The actual tools and realities used every day in this business are not known, however, to the general public, because they aren’t taught anywhere but journalism school. These are the tools that I insist on exposing to the coming generation of “hands-on readers,” as The Times calls them, but there is another even more compelling reason that they become generally known. These same tools are at the heart of every sitcom, every commercial, every movie, every talk show, every media product offered in a world that has become flooded with media products.

People blame the media for the flood, and for such dubious results of this flood such as reality television, the Bush Administration’s scripted town halls, and Paris Hilton, without the slightest idea of what is going on.

Media producers know exactly what is going on and use journalism’s basic tools in ways that become more sophisticated all the time. Consumers need to know those tools, too, and understand how they work, because if they do, then the media will know that the consumers know what is going on, and that will change the media-consumer relationship.

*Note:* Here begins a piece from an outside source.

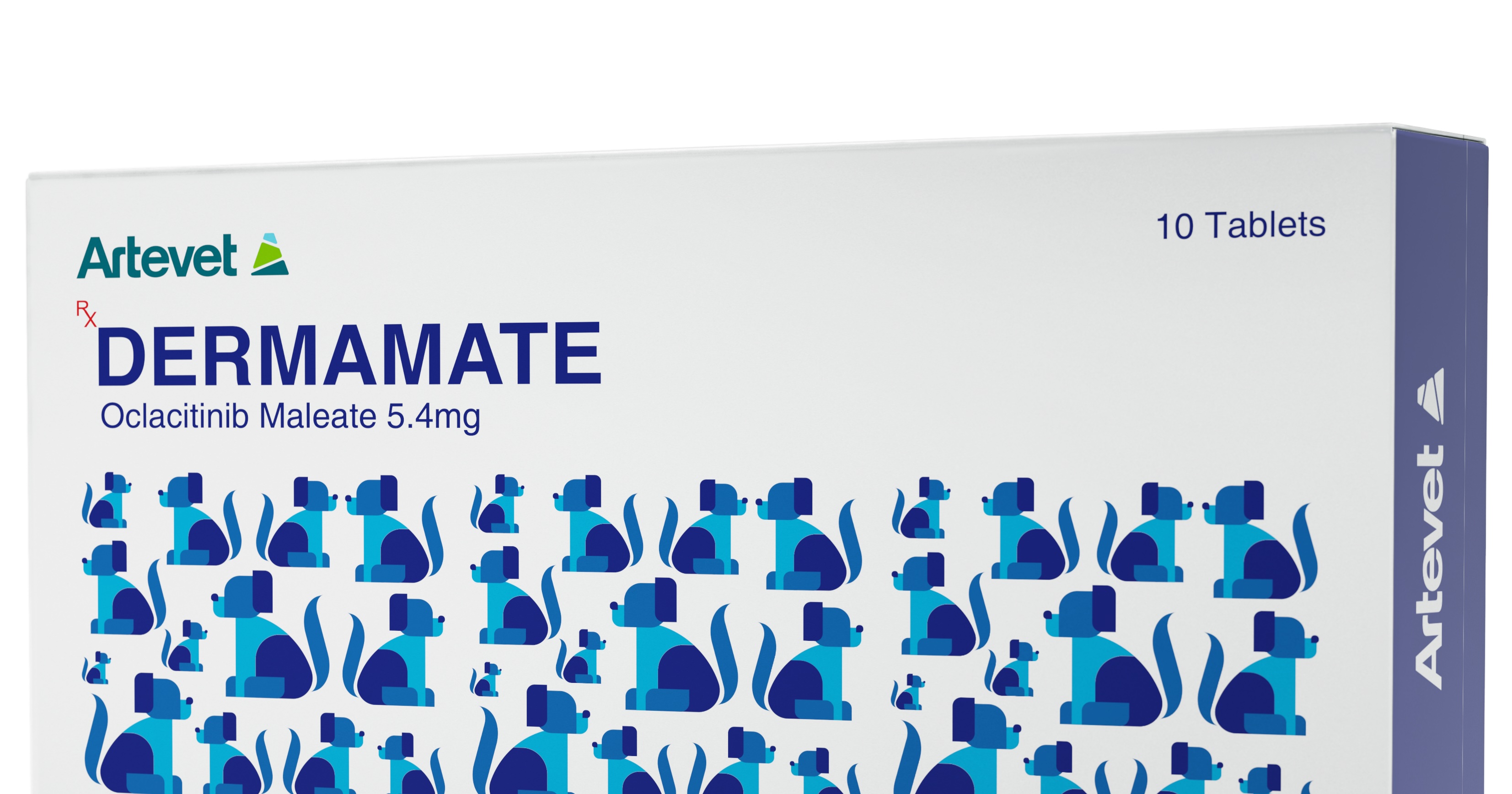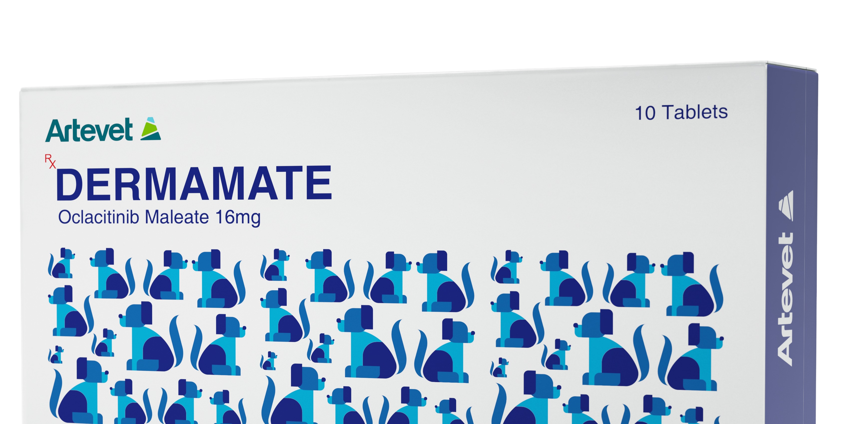 Dermamate’s active is Oclacitinib maleate which is a Janus Kinase (JAK) inhibitor.

There is a blinding irony at work here. The media did, in fact, create a couple of the tools it uses. The rest were created by people. Almost all of the tools, definitions and rules of journalism were created by people thousands of years before the media came into existence. The media only took those ancient tools and turned them into a business.

There are 10 tools: Conflict, Progress, Disaster, Consequence, Prominence, Proximity, Timeliness, Human Interest, Novelty, and Sex & Sensationalism. I call them the Toolbox.

There are three media realities in the Toolbox: Balance, Professionalism and Competition. There are also three public realities: Information, Demographics and Curiosity.

And there are two laws of media: 1) The media is a business; 2) The media is an exercise in the power of small numbers.